Errático
Un diminuto parásito viscoso se
escurrió entre los maderos de su barco. Comenzó a roerlo imperceptiblemente,
pero tal era, su paso firme, que iba devorando los cimientos.
Las aguas discurrían de manera calma, Antoine
estaba recostado en ese piso, en apariencia, resistente. Se dejó llevar. Sus
vacaciones ya habían comenzado cuando planificó comprar esa embarcación y
perderse sin rumbo. O hasta encontrar un puerto que le atrajera.
Mientras tanto, Jaz Piere
trabajaba la madera rasgando y astillando. No tenía otra opción, podía morir de
inanición. Desde aquel accidente en el que una suela gigante le había arrebatado
a su familia, nada anhelaba más que estar inserto en una actividad rutinaria.
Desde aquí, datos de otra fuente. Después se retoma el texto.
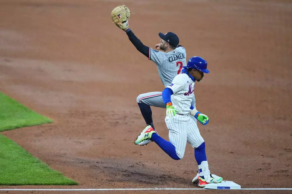 New York Mets' Francisco Lindor (12) runs past Minnesota Twins' Kody Clemens (2) to reach first base for a single during the first inning of a baseball game Wednesday, April 22, 2026, in New York. (AP Photo/Frank Franklin II)
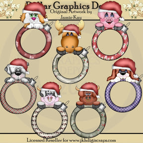 Esta colección incluye siete marcos de adornos navideños: un gatito, un alce, un cerdo, dos cachorros y dos vacas, cada uno con gorro de Papá Noel. Tenga en cuenta: este conjunto también incluye siete marcos ornamentales con el centro (solamente) lleno, para que pueda agregar su propia personalización, como texto, gráficos, elementos, arte de palabras, etc. Este conjunto contiene 7 gráficos.
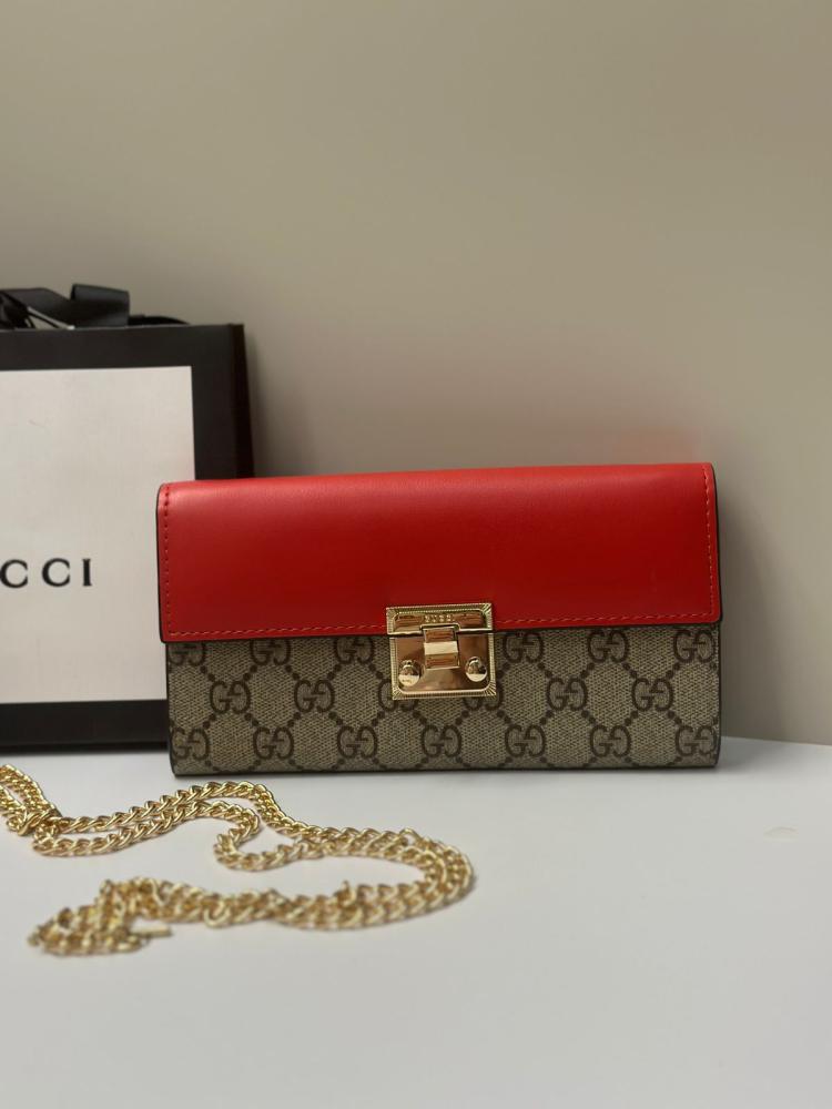 محفظه طويلة جوتشي بادلوك GG بسلسلة احمر وبني

Cada tanto, Antoine abría sus
ojos y se perdía en contemplaciones sobre las nubes, los bordes sinuosos del
río, las siluetas de los árboles, los pájaros. Luego dormitaba en un estado de
ensoñación que le remitía a sus años pasados y a la noche donde se enamoró por
única vez. María deambulaba por ese pasaje, donde él se encontraba fumando de
madrugada. Ambos habían pernoctado por la ciudad, disfrutando la noche ya casi
pronta a evaporarse. Tras una conversación circunstancial, la invitó a su casa,
donde desgajó su vulnerabilidad, así como su lencería. Se besaron por todo el
cuerpo, se olfatearon los cuellos y lamieron cada desfiladero. Se acabaron
mutuamente acompasados por los gritos. Tras dormir acucharados, un breve
desayuno los regresó a la realidad del día a día. Pactaron que preferían el recuerdo de una noche ardiente que
opacarlo con una relación. Y así fue, ese recuerdo lo mantuvo vivo hasta ese
momento.
Jaz Piere tomó una bocanada de
aire en cubierta. El día era precioso. Aprovechó para dar un paseo considerando
que ese podría ser el último día antes de reunirse con su familia. Comenzó a
recorrer una piel interminable, inabarcable como el horizonte. Al pasar por una
curvatura, rememoró el huequito donde Berta dio a luz a sus gemelos, aquellos
traviesos que llevaron a su mamá hacia aquel zueco mortal. Sobrepasado por sus
emociones, lloró, desprendiendo un pequeño ácido, que irritó el hombro de
Antoine, el cual se rascó frenéticamente, para seguir con sus cavilaciones. Jaz Piere decidió que ya había descansado lo suficiente, pero no pudo evitar seguir
destilando ácido mientras masticaba glotonamente.
Esa noche, una fina capa de
lluvia puso un manto sobre los recuerdos, más presentes que nunca. Antoine se
dirigió a su camarote, con la lucidez del viajero. Se recostó con el cenicero
sobre su torso desnudo y el sonido de la lluvia contra el mar bamboleante. Ese pequeño baile era hipnótico hasta para
Jaz Piere, que se arrastró hacia el camarote en busca de la piel tan cálida. Se
alojó en el estómago de Antoine, que dormía sin percibir su cigarrillo todavía
prendido, ni que la mano que lo sujetaba caía hacia el costado de la cama con
él.
El cigarrillo cayó al suelo,
infiltrándose sus intersticios. Dado que Jaz Piere había
consumido gran parte del soporte del barco, ya no quedaba mucho más sobre lo que
mantenerse. El barco se fue hundiendo, mientras Jaz y Antoine flotaban
plácidamente en declive sin llegar a ningún puerto.